MEMORANDUM**
Washington state prisoner Rory L. Mickens appeals pro se the district court’s summary judgment for defendants in his 42 U.S.C. § 1983 action alleging that prison officials failed to protect him from an assault by another inmate. We have jurisdiction pursuant to 28 U.S.C. § 1291. We review de novo, Lopez v. Smith, 203 F.3d 1122, 1131 (9th Cir.2000) (en banc), and we affirm.
The district court properly granted summary judgment for defendants because Mickens failed to raise a genuine issue of material fact as to whether prison officials were deliberately indifferent to his safety. See Farmer v. Brennan, 511 U.S. 825, 834, 114 S.Ct. 1970, 128 L.Ed.2d 811 (1994). Although Mickens attests that he told correctional officer Van Ogle on one occasion that he generally feared an assault, he *693admits that he did not provide the name of a specific person who threatened him, and did not request protective custody. See Berg v.
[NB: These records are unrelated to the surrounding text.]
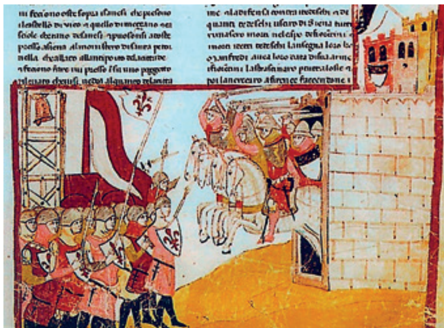
Ο Φρειδερίκος Β' κατατροπώνει τους Γουέλφους στην Κορτενούοβα (1237). Μικρογραφία από το χειρόγραφο του Τζιοβάνι Βιλάνι (14ος αι., Ρώμη, Βιβλιοθήκη Βατικανού). ΑΠΕΝΑΝΤΙ: Απεικόνιση του πάπα Ιννοκέντιου Δ' σε χειρόγραφο του 12ου αιώνα (Βρετανική Βιβλιοθήκη).

ακόμη συμβούλιο για το επόμενο καλοκαίρι στην Ακουιλία, καθιστώντας σαφές ότι αν ο γιος του αφηφούσε το κάλεσμά του θα είχε εκείνος την ευθύνη. Αυτή τη φορά ο Ερρίκος δεν τόλμησε να παρακούσει και αναγκάστηκε να δώσει όρκο ότι στο εξής θα υπερασπιζόταν τα δικαιώματα και τις θέσεις του αυτοκράτορα, απολύοντας τους συμβούλους που τον είχαν ενθαρρύνει να εφαρμόσει τις καταστροφικές του τακτικές. Ωστόσο, ο Φρειδερίκος έκανε μεγάλο λάθος που πίστεψε ότι με έναν υπάκουο γιο και με θετικά διακείμενους πρίγκιπες θα καθυπότασσε τη Λομβαρδία. Τα περισσότερα από τα 19 τελευταία χρόνια της ζωής του είχε βρεθεί σε πολεμικές συγκρούσεις βόρεια και νότια της Ιταλικής Χερσονήσου, αγωνιζόμενος, όπως παλαιότερα είχε αγωνιστεί και ο παππούς του, να εδραιώσει την εξουσία του. Υπήρχε, ωστόσο, μια σημαντική διαφορά ανάμεσά τους. Ο Φρειδερίκος Βαρβαρόσας ήταν πέραν κάθε αμφιβολίας Γερμανός και η αυτοκρατορία του ήταν μια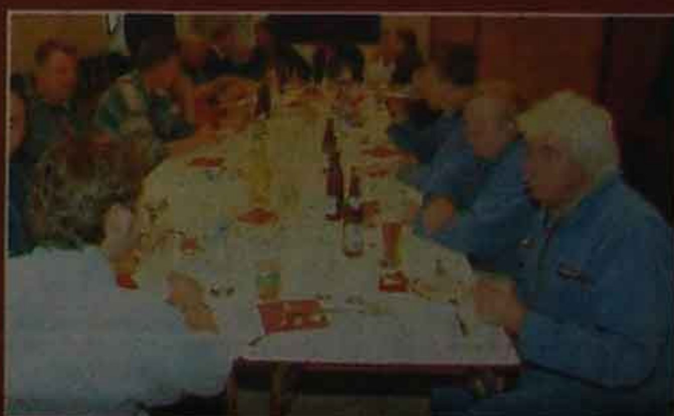
◀ 10.30 Uhr: Weißwurstfrühstück, um stark in den Tag zu gehen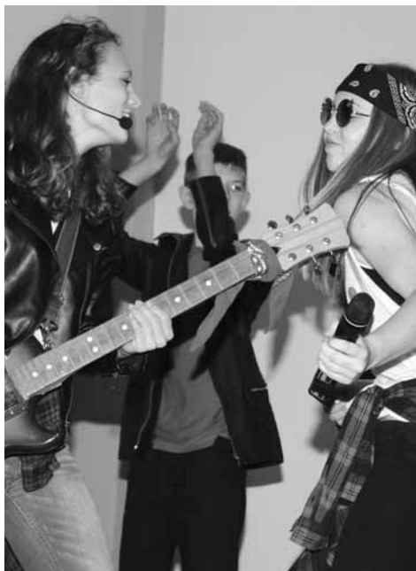
Występ młodzieży podczas konkursu „Twoja twarz brzmi znajomo”.

możliwości i umiejętności uczniów klas pierwszych, zakończyły się pomyślnie, przyszła kolej na oficjalną część otrę-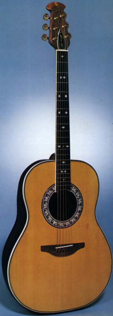
Glen Campbell Artist 1127-4 Natural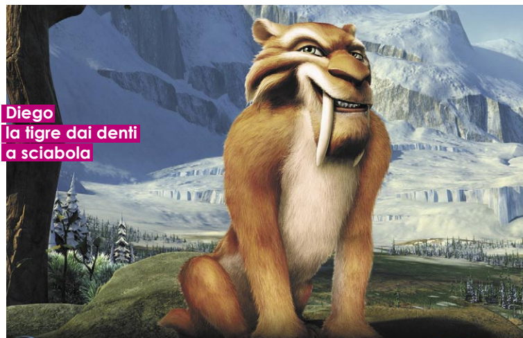
Diego la tigre dai denti a sciabola

Il 2002 è l'anno in cui sfonda sulla scena internazionale: sempre con Chris Wedge co-dirige "L'era glaciale" ed è un successo. Distribuito dalla 20th Century Fox , "L'era glaciale" è uno dei film di animazione di più grande impatto della storia, capace di adombrare i quotatissimi film Disney o Pixar. È la terza pellicola come successo al botteghino nella storia dell'animazione, dietro solo a "Monsters & Co" e "Toy Story 2". Sulla scia del successo, nel 2002 Carlos dirige il corto di cinque minuti "Gone Nutty" per cui viene candidato agli Oscar. Nel 2005 un se-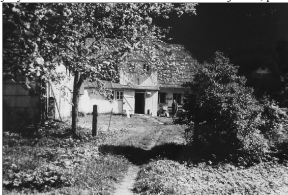
Mlýn v Hluchově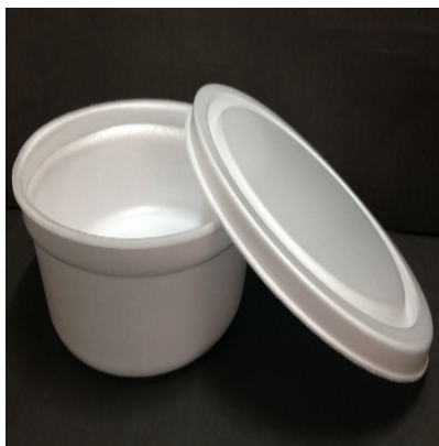
*Imagens meramente ilustrativas.

11.15. Além da bandeja de isopor, deverá acompanhar o “marmitex”: talheres descartáveis e frutas embaladas individualmente, bem como atender criteriosamente as descrições abaixo: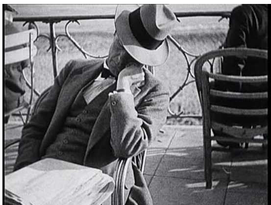
Jean Vigo. À propos de Nice (A propósito de Niza). Película, 1930, VO, b/n, 23'

Jean Vigo. À propos de Nice (A propósito de Niza)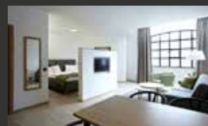
The More Hotel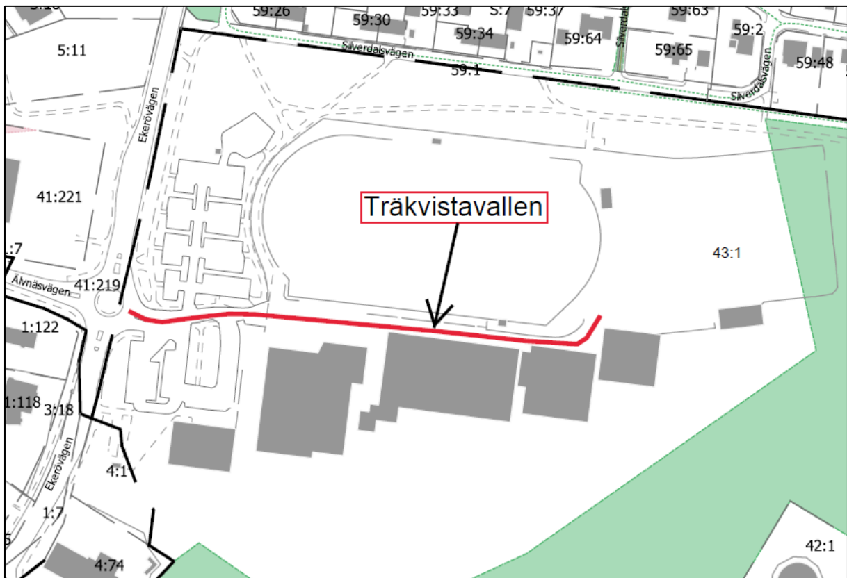
Karta över området med föreslaget adressområdesnamn

Namnet som föreslås på det nya adressområdet är "Träkvistavallen".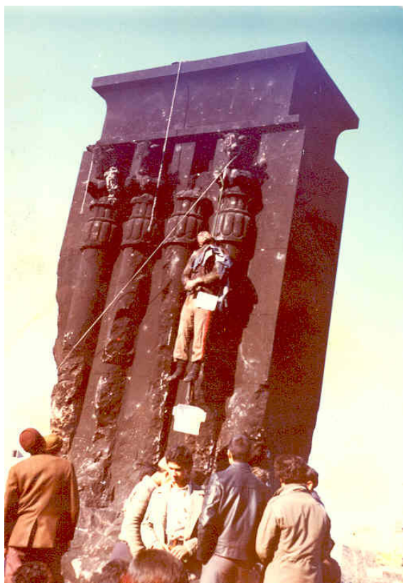
نمایش جنازه یکی از نظامیان در پایه مجسمه شاه دی ماه ۱۳۵۷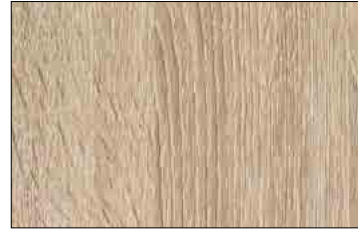
PR WL OAK TREE Light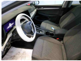
Innenraum - vorne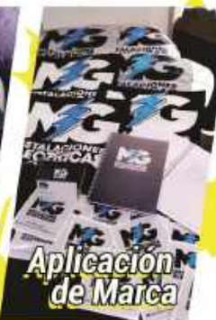
Aplicación de Marca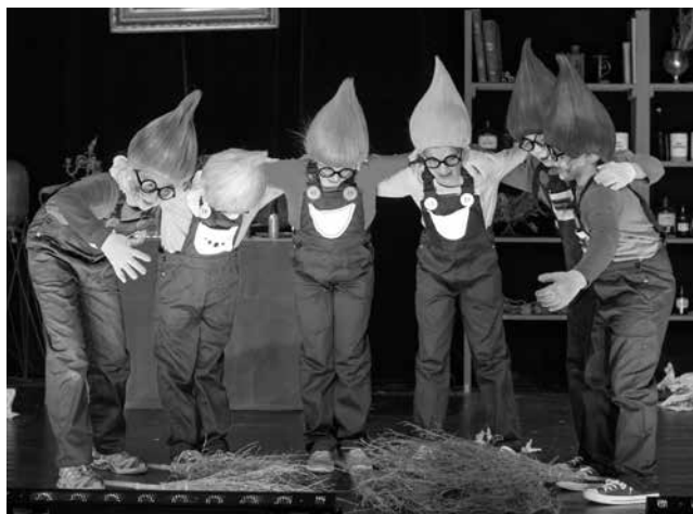
»Die Zauberlehrlinge« · Spielzeit 2016/2017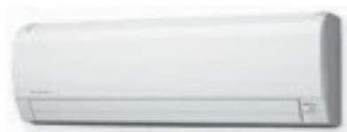
ASHG07LECA, ASHG09LECA, ASHG12LECA, ASHG14LECA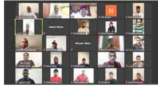
جانب من الدورة

مشيراً إلى أن الدورة جاءت الثانية من نوعها التي ينظمها الاتحاد بعدما تم تنظيم الدورة الأولى في أبريل الماضي. واشتملت الدورة على محاور متنوعة تهدف لإكساب الإداريين خبرات مختلفة في مجالات عدة تضمن أداء عملهم باحترافية ومهنية كبيرة ومواكبة للعمل الإداري الحديث في كرة القدم. ولفت البوعيين إلى النجاح الواسع الذي حققته الدورة في دفعها الثانية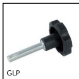
GLP Volantino a 6 lobi filettato, Tecnopolimero - Inox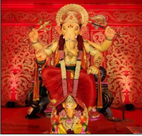
श्री गणेश मित्र मंडळ पटाई बाप्पा चंदन बाग लेन, यंदाचे ५९ वे वर्ष, उंची १३ फूट, लाल महाल मधील एका दालनाचा देखावा.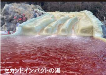
セカンドインパクトの湯

Kincheloe, 794 F.2d 457, 459 (9th Cir.1986) (holding that deliberate indifference does not require that an official “believe to a moral certainty that one inmate intends to attack another at a given place at a time certain before that officer is obligated to take steps to prevent such an assault. [However], he must have more than a mere suspicion that an attack will occur”).
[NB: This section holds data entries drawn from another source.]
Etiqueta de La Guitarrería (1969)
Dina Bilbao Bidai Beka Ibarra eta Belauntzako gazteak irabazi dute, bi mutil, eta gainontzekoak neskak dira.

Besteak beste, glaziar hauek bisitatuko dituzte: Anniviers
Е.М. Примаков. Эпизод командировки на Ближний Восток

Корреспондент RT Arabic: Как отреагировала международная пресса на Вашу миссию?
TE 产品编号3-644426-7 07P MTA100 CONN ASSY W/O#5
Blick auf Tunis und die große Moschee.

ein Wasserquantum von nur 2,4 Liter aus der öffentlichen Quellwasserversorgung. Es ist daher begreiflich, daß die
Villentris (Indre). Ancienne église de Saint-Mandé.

Mickens’s contention that the district court abused its discretion by denying his request to appoint counsel lacks merit because he failed to demonstrate “exceptional circumstances” or a likelihood of success on the merits. See Terrell v. Brewer, 935 F.2d 1015, 1017 (9th Cir.1991).
AFFIRMED.
This disposition is not appropriate for publication and may not be cited to or by the courts of this circuit except as provided by Ninth Circuit Rule 36-3.